> **Collected material**:
◆ ◆ ◆ ◆ ◆

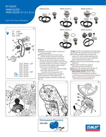 9A GB NT 01019 VKMA 01250 VKMC 01250-1 /-2 /-3 /-4 Audi / Ford / Seat / Volkswagen A (7): 3359 (8): T 10050 (11): 3387 (16): 20 Nm + 45° (19): 20 Nm (12): 25 Nm (21): 15 Nm (22): 10 Nm + 90° (23): 15 Nm (24): 10 Nm (13) : 20 N.m (15) : 15 N.m (16) : 15 N.m tall Confidence AT / SKODA / VOLKSWAGEN 12 B REMOVAL 1) Disconnecting the battery according to the manufacturing guidelines. 2) Prepare the vehicle for the timing VKMA 01250 VKMC 01250-1 replacement according to the manufacturing guidelines. 3) Turn the crankshaft in the engine rotation direction up to TDC. Check the alignment of the timing marks of the camshaft sprocket (3) (Fig. B) and of the crankshaft pulley (4) (Fig. C). Note: If necessary, turn the crankshaft one extra turn to align the marks. 4) Remove the crankshaft pulley. 5) Slacken the tensioner roller nut (13) (Fig. D) and remove the timing belt. 6) Remove the tensioner roller (2). A). 7) Remove the stud (15) (Fig.VKMC 01250-3 8) Removing the water pump (for VKMC 01113-1/2): firstly, bleed the cooling circuit, check it is clean, and clean if required; secondly, fully loosen the water pump fastening bolts (16) and remove the pump (12) (Fig. A). 19) Check the tensioner roller setting (2): the moving pointer (9) must be aligned with the notch (11) to make sure the tension is set (Fig. G). VKMC 01250-2 20) If the marks of the tensioner roller are not aligned, remove the timing belt. Then restart the adjustment operation from step 13). 21) Refit the elements removed in reverse order to removal. 22) Fill the cooling circuit with the permanent fluid recommended. 23) Check the circuit’s leak-tightness when the engine reaches its running temperature and secure the level of coolant when the engine is at ambient temperature (20° C). VKMC 01250-4 REFITTING Caution: Carefully clean the bearing surfaces of the tensioner roller. 9) Refitting the water pump: Firstly, fit the new water pump (12), tighten the waterpump bolts (16) to the torque of 15 N.m, then check Demontaż that akumulator the water pump pulley runs properly, andUwaga: Znaki (9) na kole zębatym wału korbowego 1) Odłączyć zgodnie z wytycznymi oraz blokadzie (8) muszą być w jednej linii (Rys. B). has no pojazdu. hard or locking spots. producenta 10) Fit and tighten the new stud (15) to the5) Poluzować nakrętkę śruby mocującej (16) 2) Przygotować pojazd do wymiany układu napinacz (2) i obrócić płytkę regulacyjną (10) torquewedług of 15 N.m (Fig. A).producenta. rozrządu wytycznych 11)wał Check the alignment of the timing marks w kierunku przeciwnym do ruchu wskazówek 3) Obrócić korbowy zgodnie z kierunkiem (3) (Fig. B).(w prawo, zgodnie z ruchem zegara używając klucza (11) (Rys. C). obrotów silnika 12) Fit the newdotensioner 6) Zdemontować rolkę prowadzącą paska rozrządu wskazówek zegara) położeniaroller GMP (2): (górnego - Fit the positioning pin (5)wyrównując in the hole (6) of (3) (Rys. A). martwego punktu) na 1 cylindrze, the engine block (Fig. D). 7) Zdjąć pasek rozrządu (1) a następnie oznaczenia na kole zębatym wałka rozrządu - Fit the new washer (14) and the new nut (13) zdemontować napinacz (2) (Rys. A). i tylnej osłonie rozrządu (Rys. B): (Fig. D). 8)Wykręcić śruby mocujące (23) i (24) (Rys. A). - wszystkie wersje silnika (z wyjątkiem kodów: 13) Fit the new belt (1) on the crankshaft 9) Zdemontować pompę wody (zestawy ANY i AJM): oznaczenie (5) “4Z”, sprocket. VKMC 01250-1/2/3/4): opróżnić układ - silniki ANY i AJM: oznaczenie (6) “3Z”. 14) Refit the lower timing casing and refit then chłodzenia z płynu chłodzącego, sprawdzić 4) Zablokować koło zębate wałka rozrządu za tighten the crankshaft pulley. i ewentualnie usunąć zanieczyszczenia; następnie pomocą15) sworznia koło zębateof wału Check (7), thea alignment the timing marks odkręcić całkowicie śruby mocujące (21) korbowego używając specjalnego narzędzia (8) (4) (Fig. C). Continue installing the belt in the (Rys. B).following order: water pump sprocket, i zdemontować pompę wody (Rys. A). tensioner roller and camshaft sprocket. C D 16) Tighten the timing belt (1): - Turn the adjustment dial (7) (Fig. D) of the tensioner roller (2) anti-clockwise and clockwise fully 5 times from maximum position to maximum position by using the wrench (8). - Turn the adjustment dial (7) of the tensioner roller (2) fully anti-clockwise and then slacken the tensioner until the moving pointer (9) is aligned with the notch (11) (Fig. E). 17) Tighten the new fastening nut (13) of the tensioner roller (2) to a torque of 20 N.m (Fig. D). 18) Rotate the crankshaft two turns in the engine rotation direction up to TDC. Check the alignment of the marks (3) (Fig. B) and (4) (Fig. C). Montowanie Pewności VKN 1000 E Montaż Uwaga. Najpierw dokładnie oczyścić powierzchnię przylegania rolki/napinacza do bloku silnika. 10)Zamontować pompę wody: przykręcić nową pompę wody (20), stosując moment 15 Nm do śrub mocujących (21); następnie sprawdzić czy koło pasowe pompy płynnie się obraca. 11)Dokręcić nowe śruby mocujące napinacz (23) i rolkę prowadzącą (24) momentem odpowiednio 15 Nm i 10 Nm (Rys. A). 12)Poluzować śruby koła wałka rozrządu (12), a następnie obrócić kołem pasowym tak, aby śruby znalazły się pośrodku jego podłużnych otworów i lekko dokręcić śruby (12) (Rys. C). 13)Umieścić szpilkę blokującą (4) w otworze nowego napinacza (2) (Rys. A). 14)Zamontować nowy napinacz (2): umieścić kołek pozycjonujący (14) w gnieździe (15) bloku silnika (Rys. D). 15)Za pomocą klucza (11) obracać płytką regulacyjną (10) napinacza (2) w kierunku zgodnym z ruchem wskazówek zegara tak długo jak jest to możliwe (Rys. D). Ręką dokręcić nakrętkę mocującą (16) (Rys. D). 16)Założyć nowy pasek rozrządu (1) w następującej kolejności: koło zębate wałka rozrządu, napinacz, koło zębate wału korbowego, pompa wody. 17)Założyć nową rolkę prow
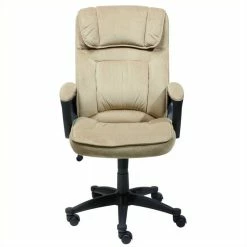 About This Product: For more than 75 years, Serta has been an industry leader in comfort products worldwide. That tradition of innovation and quality continues today. From a brand that is synonymous with quality, comfort and style, the Serta executive office chair is upholstered in soft and durable Light Beige microfiber. This chair features soft pillowed headrest & plush layered body pillows which offer the body a serene and tranquil seating experience. The contoured lumbar provides exceptional support for the lower-back, while the sculpted arms have pillow soft pads which provide added hand, wrist, and forearm comfort. The waterfall seat edge is designed to lessen pressure on the back of the legs, and increase circulation, to reduce fatigue and increase working focus. The pneumatic gas lift adjusts the seat height by a simple flick of the lever. Pulling out the same handle will unlock the recline mechanism and allow you to lean back in comfort. The recline resistance can be adjusted with a turn of the tension knob on the bottom of the seat. Smooth rolling multi-surface dual wheel casters provide easy access to your surrounding work area. The heavy duty five-star base meets or exceeds rigorous BIFMA testing standards up to a 250lbs weight capacity. 1 year limited warranty. Product assembly is required. Designed in the USA.
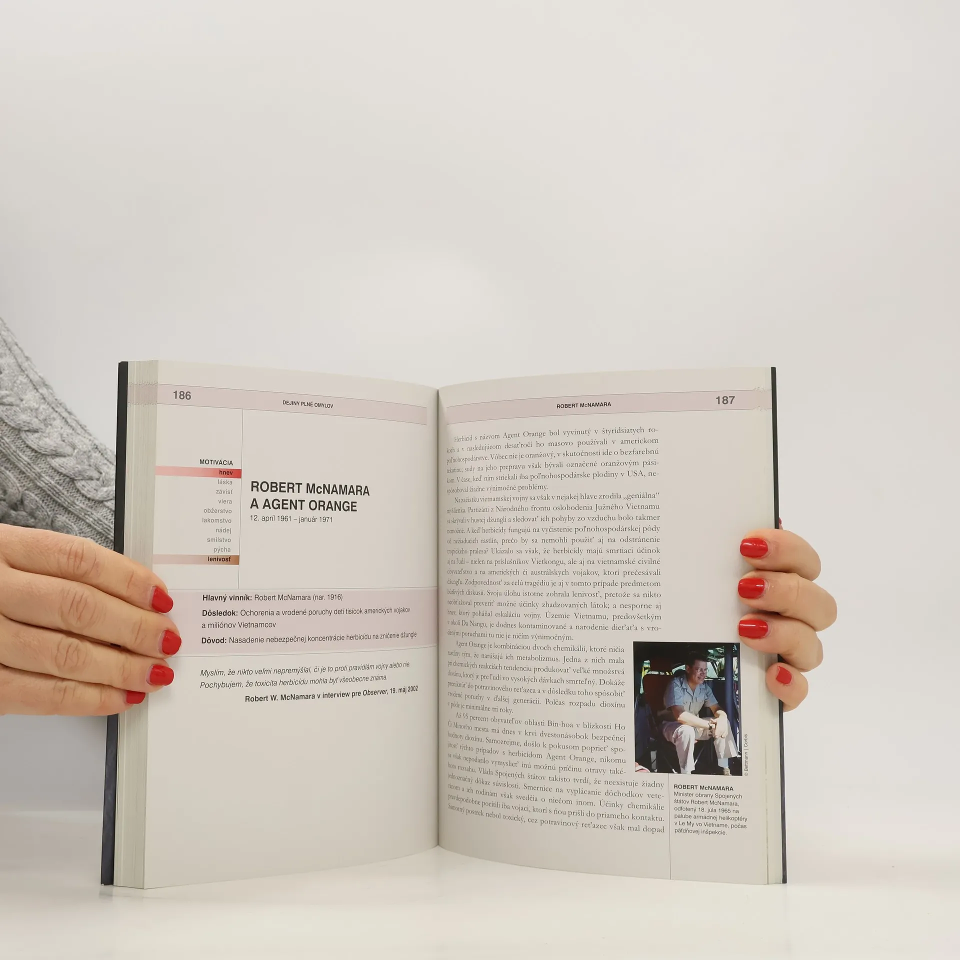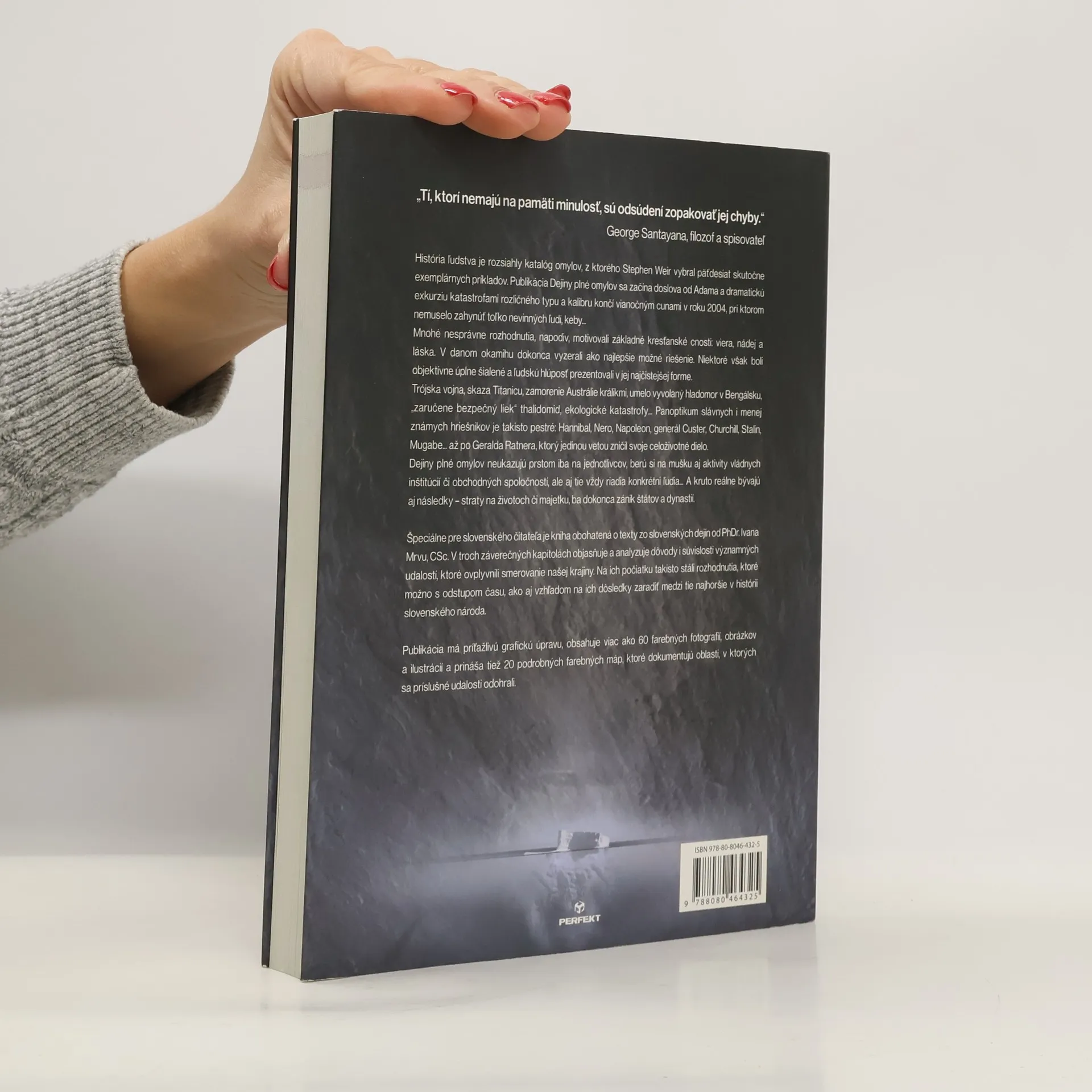 História ľudstva je rozsiahly katalóg omylov, z ktorého Stephen Weir vybral päťdesiat skutočne exemplárnych príkladov. Táto publikácia sa začína doslova od Adama a dramatickú exkurziu katastrofami rozličného typu a kalibru končí vianočným cunami v roku 2004, pri ktorom nemuselo zahynúť toľko nevinných ľudí, keby... Trójska vojna, skaza Titanicu, umelo vyvolaný hladomor v Bengálsku, "zaručene bezpečný liek" thalidomid, ekologické katastrofy... Panoptikum slávnych i menej známych hriešnikov je takisto pestré: Hannibal, Nero, Napoleon, Churchill, Stalin, Mugabe... až po Geralda Ratnera, ktorý jedinou vetou zničil svoje celoživotné dielo. Špeciálne pre slovenského čitateľa je kniha obohatená o texty zo slovenských dejín od PhDr. Ivana Mrvu, CSc. V troch záverečných kapitolách objasňuje a analyzuje dôvody i súvislosti významných udalostí, ktoré ovplyvnili smerovanie našej krajiny. Na ich počiatku takisto stáli rozhodnutia, ktoré možno s odstupom času, ako aj vzhľadom na ich dôsledky zaradiť medzi tie najhoršie v histórii slovenského národa. Publikácia má príťažlivú grafickú úpravu, obsahuje viac ako 60 farebných fotografií, obrázkov a ilustrácií a prináša tiež 20 podrobných farebných máp, ktoré dokumentujú oblasti, v ktorých sa príslušné udalosti odohrali.
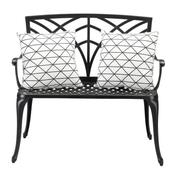 2-Person 38 in. Aluminum Antique Style Outdoor Orchid Back Bench, Rust-Resistant Curved Arms Anti-Slip Rubber Leg, Black

◆ ◆ ◆ ◆ ◆

> **What you need to do**: Leave out every picture and write out exactly the lines running from the line containing "História ľudstva je" to the end of the listing above.

> **The completed task**:
 História ľudstva je rozsiahly katalóg omylov, z ktorého Stephen Weir vybral päťdesiat skutočne exemplárnych príkladov. Táto publikácia sa začína doslova od Adama a dramatickú exkurziu katastrofami rozličného typu a kalibru končí vianočným cunami v roku 2004, pri ktorom nemuselo zahynúť toľko nevinných ľudí, keby... Trójska vojna, skaza Titanicu, umelo vyvolaný hladomor v Bengálsku, "zaručene bezpečný liek" thalidomid, ekologické katastrofy... Panoptikum slávnych i menej známych hriešnikov je takisto pestré: Hannibal, Nero, Napoleon, Churchill, Stalin, Mugabe... až po Geralda Ratnera, ktorý jedinou vetou zničil svoje celoživotné dielo. Špeciálne pre slovenského čitateľa je kniha obohatená o texty zo slovenských dejín od PhDr. Ivana Mrvu, CSc. V troch záverečných kapitolách objasňuje a analyzuje dôvody i súvislosti významných udalostí, ktoré ovplyvnili smerovanie našej krajiny. Na ich počiatku takisto stáli rozhodnutia, ktoré možno s odstupom času, ako aj vzhľadom na ich dôsledky zaradiť medzi tie najhoršie v histórii slovenského národa. Publikácia má príťažlivú grafickú úpravu, obsahuje viac ako 60 farebných fotografií, obrázkov a ilustrácií a prináša tiež 20 podrobných farebných máp, ktoré dokumentujú oblasti, v ktorých sa príslušné udalosti odohrali.
 2-Person 38 in. Aluminum Antique Style Outdoor Orchid Back Bench, Rust-Resistant Curved Arms Anti-Slip Rubber Leg, Black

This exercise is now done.